I am a bit late writing this this week. I normally post my site and this blog on thursday evening as that way I can keep my friday's free. This week I ended up going out on thursday. Last week on Blazing Games, I posted the open source version of my Easter Egg Hunt game where you navigate a 3D maze in order to find a dozen easter eggs. The eggs are randomly generated. The 3D maze was generated using a very old technique known as the painter's algorithm. I was thinking that none of the techniques used in the game are overly noteworthy then I realized that a lot of the techniques in the game, while not useful when you have OpenGL (including ES and WebGL) to work with, may still be relevant if you were limited to a 2D drawing system like the HTML 5 Canvas. HTML 5 developers, at least the ones that are targeting Internet Explorer, may need to  fall back on these old techniques. This is due to MS deciding not to support WebGL.

The egg is simply a palette swapping varient. There are 12 patterns for the eggs, but the two colours that are used to draw the pattern are randomly selected. This is a really old technique that you will see in older video games where the same monster sprite is used repeatedly but given different colours so the same artwork can be used for a large number of monsters. This would be a little tricky to do with the HTML 5 canvas as I don't recall a way of changing an image's palette.
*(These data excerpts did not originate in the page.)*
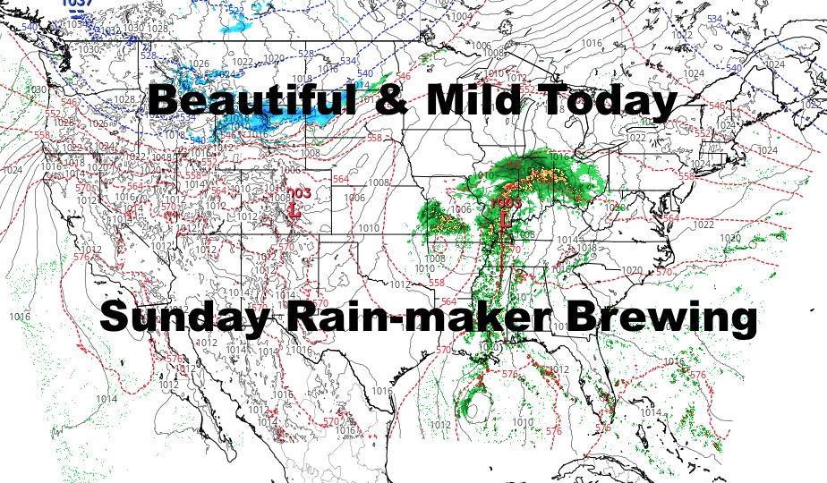 Good morning everyone. I’m back and so is the mild weather temporarily. We find ourselves today in the quiet zone, with one system well gone and out of the picture, and another that’ll begin to gather for Sunday’s forecast. Things were questionable for our weekend and the 2 systems involved didn’t materialize in a way that would ruin both Saturday & Sunday, but there will be enough with our southern branch to pretty much ruin Sunday.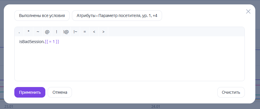 Значение isBadSession в открывшемся отчете необходимо прописать самостоятельно. Необходимо выбрать в отчете : “Люди” + “Характеристики” – “Параметры посетителей” , далее в открывшемся окне указать isBadSession.{{ = 1 }}, выбрать вариант “Выполнены все условия” и нажать “Применить”. Должно получиться, как в примере ниже: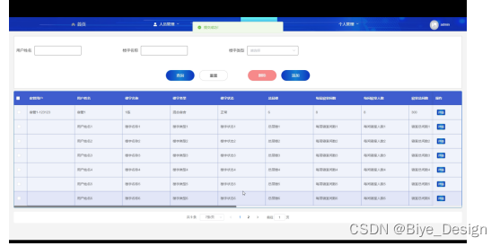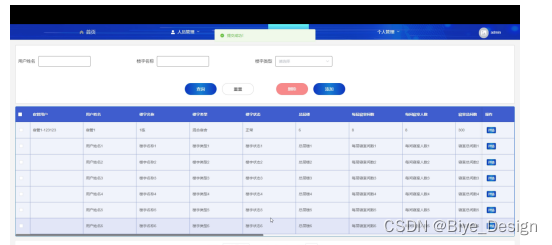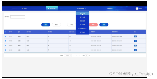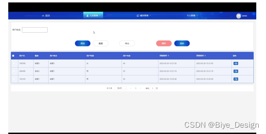 人员管理,在此页面可以查看用户名,昵称,性别,年龄等信息,并可根据需要对个人信息进行查询,重置,导出,删除,添加等操作,如下图所示。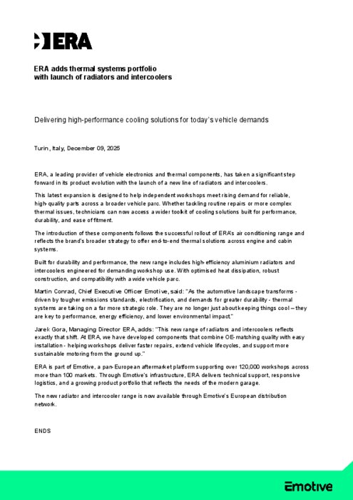 ERA, l'un des principaux fournisseurs de composants électroniques et thermiques pour véhicules, a franchi une étape importante dans l'évolution de ses produits avec le lancement d'une nouvelle gamme de radiateurs et de refroidisseurs intermédiaires. Cette dernière extension vise à aider les ateliers indépendants à répondre à la demande croissante de pièces fiables et de haute qualité pour un parc automobile plus large.

I would have to look into this, but if you can't change the palette, you can use the image data to manipulate individual pixels.

The 3D maze uses a technique known as the painters algorithm. Essentially you treat the 3D maze as a series of blocks. You draw the furthest away blocks first, then the nearer blocks, and so on until you are painting the close blocks. The downside to this is you are potentially overdrawing many times. The nice thing about this technique is it is very easy to implement and the results can look very good. Of course, you aren't going to get 360 degrees of smooth scrolling movement, but it is something that can be done on any browser that supports the canvas.

It would be nice if there was a hardware accelerated 3D standard that would work on all browsers, but even if that does happen, it won't be for years. Perhaps for next Easter, I will port the game to HTML 5, though I am hoping I come up with a far better idea for an Easter game before then.